The most popular location for ice houses was the bank of a stream or pond and not too far from an estate road. Almost all icehouses on country estates have an entrance, a passage, a vault and a drain (for meltwater, in the base of the vault). Most ice houses had roofs of either earth or thatch. Some ice houses had a chute in the roof above the centre of the vault to allow ice to be unloaded from above. Only a few ice houses were designed to be landscape features in the gardens of country houses.
Ice was stored in icehouses for use in the kitchens and dining rooms of stately homes. When ice was needed it was chipped out and taken to the house. It was washed and placed in wine coolers and ice buckets to cool drinks and make iced desserts. Fruit, fish and game were also laid on beds of ice to keep them fresh.
One of the first recorded ice houses in Britain was built in Greenwich, London in 1619. The idea for ice houses probably originated in France and Italy. About 3,000 ice houses were eventually built in Britain and by the mid 19th century most country houses had at least one. The majority of ice houses were built between 1750 and 1875. They were also built for commercial use, e.g. for packing and transporting fish or meat, for the manufacture of ice cream or for the sale of ice for domestic use.
From the 1840s crystal clear ice was imported into Britain from the USA, especially from Wenham Lake near Boston in Massachusetts, and later from Norway. Ice houses continued to be used until the late 19th century when ice making machines and refrigerators became available.
There are very few icehouses in Somerset that are accessible to the public. Montacute and Prior Park, which are both owned by the National Trust have ice houses. You can see the mound of the East Coker icehouse from a public footpath that runs close by. Nynehead Court has a very large ice house and the gardens are open to the public on certain days of the week but you need to book your visit in advance. There is an icehouse in a wood on the Ashton Court estate.
Montacute icehouse was built in the late 18th or early 19th century. It has a Latin inscription over the door: "in superet Glacies frondeat atque Nives", which means "freshness springs from the ice and snow." It is situated halfway between the kitchens and the ponds in the park.
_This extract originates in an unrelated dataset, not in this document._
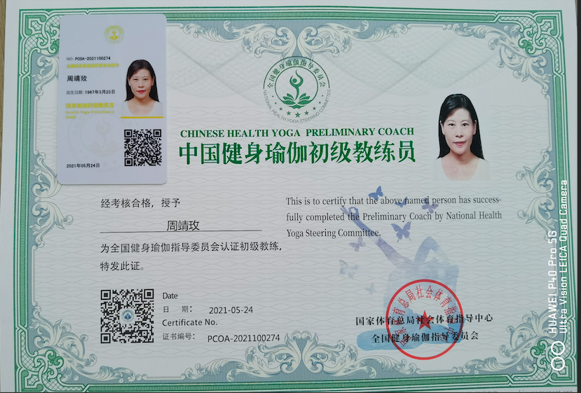 周靖玫中国健身瑜伽初级教练员
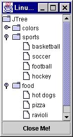 In other words, in standard Java, the event handler for a widget (e.g., determining what should happen when a button is clicked) is specified by passing an instance of a class which defines an actionPerformed method. This fairly cumbersome mechanism is necessary because Java doesn't allow passing function objects. JPython allows use of the simpler Python idiom of setting a callback attribute with a function object, and does the conversion on the fly. The rest of the program is fairly simple, and cheats only a little in that JTree, when called with no arguments, builds a sample tree automatically (see Demo/swing/treedemo.py in the JPython distribution for an example of how to build a tree from scratch).

Entrance to Montacute Ice House
Looking down in to Montacute Ice House
Entrance to Montacute Ice House from inside
Diagram showing a cross-section of Montacute Ice House
Cut-away diagram of Montacute Ice House
East Coker Ice House
The ice house at Nynehead Court was built in 1803. It is made of brick and has an iron drain cover at the base. There appears to have once been an entrance on the north side, but the current entrance way is on the south side. It would probably have had 2 or 3 doors originally to act as insulation between the warmer air outside and the cool air inside the ice house, but it currently has none. The ice house was filled with rubbish at some point after the 1950s, but it was emptied out and restored in 1995 by Taunton Deane Borough Council.